Michael Hardt / Antonio Negri: "Assembly. Die neue demokratische Ordnung"
Aus dem Englischen von Thomas Atzert und Andreas Wirthensohn.
Campus-Verlag, Frankfurt / New York 2018
411 Seiten, 34,95 Euro.
Emanzipation durch globale Vernetzung?
Von einer globalen Vernetzung sozialer Bewegungen versprechen sich Michael Hardt und Antonio Negri eine neue demokratische Ordnung. Für unseren Kritiker Jens Balzer offenbaren sie damit eine Denkschwäche aktueller linker Theorie.

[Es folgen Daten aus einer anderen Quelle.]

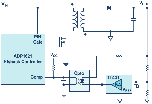 Figure 1. Conventional flyback controller with feedback path based on an optocoupler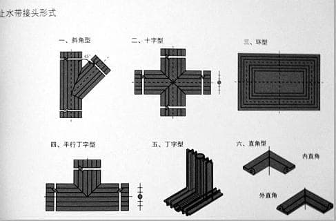 橡胶止水带的接头形式分为六种:一、斜角型;二、平面十字型;三、环型;四、平面丁字型;五、立体丁字型;六、直角型。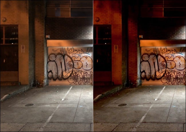 Вы можете не сразу заметить "подавление" черного цвета, пока не увидите "правильное" изображение, отображаемое рядом с ним (например, на другом дисплее, который был правильно откалиброван). Вы можете увидеть смоделированный пример на изображении ниже, где правая сторона теряет детали в кирпичах под тенью. Другими словами, это изображение "подавленного черного" (black crush).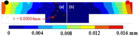 In both simulations, the displacement in the building direction was greater than 0.0122 mm, less than 0.0068 mm in the longitudinal direction, and less than 0.0061 mm in the transverse direction. The displacement distribution in the building direction is plotted in Figure 7.

Die politische Lage ist beklagenswert. Die Hoffnungen auf eine bessere Welt haben sich weitgehend zerschlagen, der neoliberale Kapitalismus wird von autoritären Herrschern immer rücksichtsloser durchgesetzt, religiöse Fanatiker und Rechtspopulisten bekämpfen die Demokratie. Zwar gibt es Widerstand dagegen: soziale Bewegungen wie "Occupy Wall Street" und "Black Lives Matter". Doch fehlt es diesen an Dauerhaftigkeit und Durchschlagskraft – und an charismatischen Führungspersönlichkeiten. Warum hat das 21. Jahrhundert noch keinen Martin Luther King hervorgebracht?
Die Vielheit der Gruppen
Das ist die Frage, die sich Antonio Negri und Michael Hardt in "Assembly" stellen, einem über 400-seitigen Essay, der die Betrachtung der aktuellen politischen Lage mit allerlei philosophischen Exkursen verbindet, zum Beispiel zu Marx und Adorno, Foucault, Deleuze und Max Weber.
Am Ende kommen die Autoren zu der Antwort: die Ausgangsfrage ist falsch gestellt. In unserer globalisierten und vernetzten Welt haben wir es nicht mehr mit einer einzelnen Klasse von Unterdrückten – dem Proletariat – zu tun, sondern mit einer "Multitude", einer Vielheit von Gruppen, die Unrecht erleiden und sich dagegen wehren. Dabei können sie nicht mehr von einzelnen "Führern" gelenkt werden; vielmehr braucht es – so die Formulierung von Negri und Hardt – "Unternehmer", die bei der taktischen Ausrichtung und bei der Vernetzung helfen.
Wofür stehen die sozialen Bewegungen?
Mit "Assembly" führen Negri und Hardt jene politische Philosophie fort, die sie erstmals in ihrem viel gelesenen Buch "Empire" (2000) entworfen haben, sowie in dessen Nachfolgewerken "Multitude" (2004) und "Common Wealth" (2010). Das Buch ist schwer und ermüdend zu lesen, weil es noch schlechter strukturiert ist, als man es von den beiden ohnehin gewohnt ist. Dennoch lohnt es die Lektüre, weil man darin eine wichtige Denkschwäche aktueller linker Theorie deutlich vorgeführt bekommt.
Denn für Negri und Hardt steht außer Frage, dass die sozialen Bewegungen der Gegenwart in einem traditionellen Sinne "links" stehen, das heißt: Sie sind antikapitalistisch, internationalistisch und streiten für die Rechte von Minderheiten. Das Gegenteil ist bekanntlich der Fall. Die Mehrheit der Menschen in den westlichen Industrienationen wünscht sich nicht mehr, sondern weniger Demokratie; nicht mehr, sondern weniger globale Vernetzung.
Warum ist das so? Darauf können Negri und Hardt nicht antworten, weil sie "rechte Bewegungen" ausschließlich als Ausdruck eines falschen Bewusstseins begreifen, das "die Finanzökonomie" oder "das Kapital" zur Sicherung der eigenen Herrschaft erzeugt.
Das Überwachungs-Regime der Gegenwart
Das ist umso befremdlicher, als sie zugleich die Vernetzung von allem und jedem als Motor des emanzipatorischen Fortschritts begreifen. Ihre Beschreibung der widerständigen "Multitude" orientiert sich ausdrücklich am Modell der sozialen Netzwerke im Internet. Gerade diese aber haben ja wesentlich zum Erfolg der "rechten Bewegungen" beigetragen. Und gerade die neoliberalen Magnaten von Facebook & Co. haben ein Überwachungs-Regime installiert, wie es sich Negris intellektueller Weggefährte Michel Foucault in seinen kühnsten Albträumen kaum ausgemalt hätte.
Die Herrschaft der "neoliberalen Finanzökonomie" wollen Negri und Hardt also ausgerechnet in einem Medium bekämpfen, das von dieser fast vollständig beherrscht wird – man hat nicht das Gefühl, dass sie die Aussichtslosigkeit dieses Unterfangs schon im vollen Umfang verstehen.